The overall median PFS and OS were 12.2 months (95% CI: 6.6–17.8) and 22.3 months (95% CI: 20.9–23.7), respectively (Figure 1A,1B). The 6-month survival rates of PFS and OS were 51.7% and 82.8%, the 12-month survival rates of PFS and OS were 34.5% and 51.7%, and the 18-month survival rates of PFS and OS were 17.2% and 37.9%. For patients with cervical cancer, the median PFS and OS were 13.1 months (95% CI: 6.9–19.3) and 24.0 months (95% CI: 20.3–27.7); for patients with endometrial cancer, the median PFS and OS were 8.2 months (95% CI: 0–17.0) and 22.3 months (95% CI: 10.7–33.9). The patients receiving anlotinib combined with immunotherapy had significant longer OS than those without immunotherapy [not reached vs. 12.5 months; hazard ratio (HR): 0.32 (95% CI: 0.1–0.99); P=0.04]. In addition, the PFS was also longer in patients receiving anlotinib with immunotherapy comparing to those without immunotherapy, though not significant [12.2 vs. 5.6 months; HR: 0.76 (95% CI: 0.30–1.96); P=0.58] (Figure 1C,1D).
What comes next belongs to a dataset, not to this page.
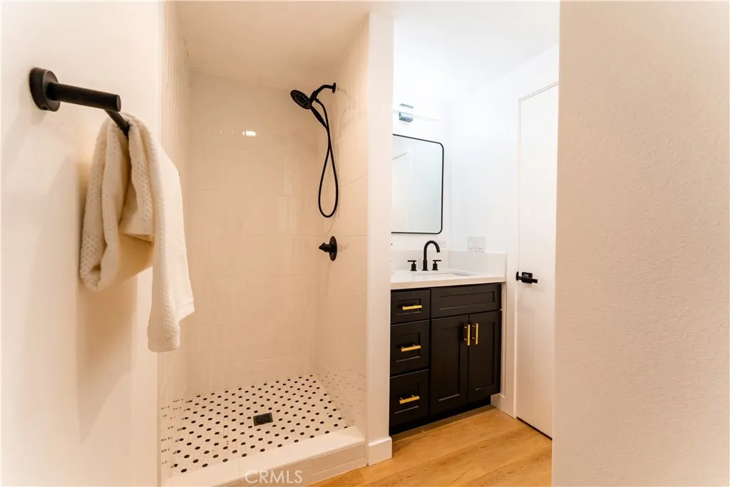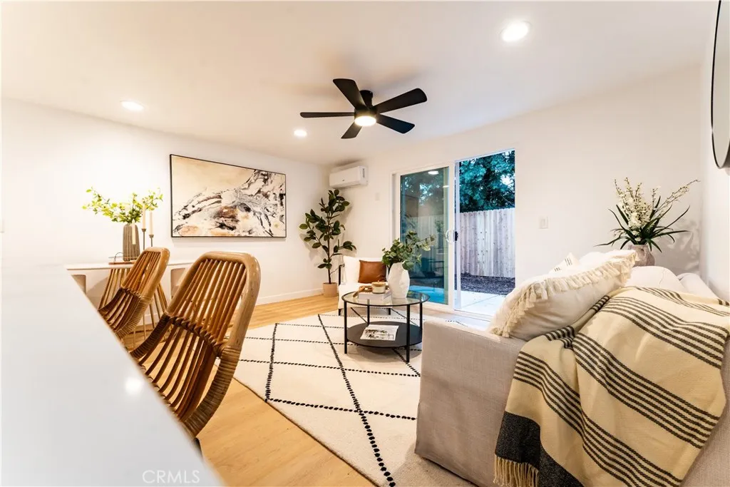 Stunning, fully renovated 2-bedroom, 2-bathroom TIC in Mid-Wilshire Los Angeles. This beautifully reimagined unit features an open-concept layout with a spacious living area, wide-plank flooring, and designer finishes throughout. The kitchen offers custom black cabinetry, quartz countertops, statement pendant lighting, a large island with seating, and a bold patterned backsplash that sets the tone for the space. Both bedrooms enjoy great natural light, while the modern bath features sleek tilework and matte black fixtures. Thoughtful updates continue with new mini-split systems, dual-pane windows, in-unit laundry hookups, and direct access to the shared outdoor space. Parking included (in shared driveway/lot). This home is offered as a TIC (Tenants-In-Common), one of four newly renovated units within the property. TIC ownership provides an attainable way to buy into a fully upgraded building. A fresh, modern living space with the perfect blend of style, comfort, and value.

Figure 1 The Kaplan-Meier curves of PFS and OS of all patients and immunotherapy stratified patients. (A) The Kaplan-Meier curves of overall mPFS of patients. (B) The Kaplan-Meier curves of overall mOS of patients. (C) The Kaplan-Meier curves of PFS of patients stratified by with or without immunotherapy. (D) The Kaplan-Meier curves of OS of patients stratified by with or without immunotherapy. mPFS, median progression-free survival; CI, confidence interval; PFS, progression-free survival; mOS, median overall survival; OS, overall survival; HR, hazard ratio.

Safety

The AEs were reported in 23 (79.3%) patients, and there was no treatment-related death and anlotinib discontinuation. The seven most common AEs were fatigue (41.4%), hand-foot syndrome (17.2%), oral mucositis (17.2%), neutropenia (17.2%), anemia (13.8%), hoarseness (13.8%), and hypertension (13.8%). Grade 3–4 AEs were observed in 4 (13.8%) patients treated with anlotinib combined with immunotherapy; three suffered grade 3 hypertension and were managed well by antihypertensive drugs, one suffered grade 4 anemia and received transfusion and dose reduction. All the safety data are summarized in Table 6.

Discussion

Persistent, recurrent, or metastatic gynecological cancers are associated with poor prognosis and have limited treatment options (21-23). For the recurrent or metastatic cervical cancer, the 5-year survival rate is 17%; for the stage IV endometrial cancer, the 5-year survival rate ranges from 15% to 17% (24,25). Novel antitumor strategies remain an unmet clinical need. In our study, anlotinib exhibited compelling antitumor effect with ORR of 24.14% and DCR of 55.17% in patients with cervical cancer and endometrial cancer. Moreover, anlotinib plus immunotherapy demonstrated synergistic antitumor effect.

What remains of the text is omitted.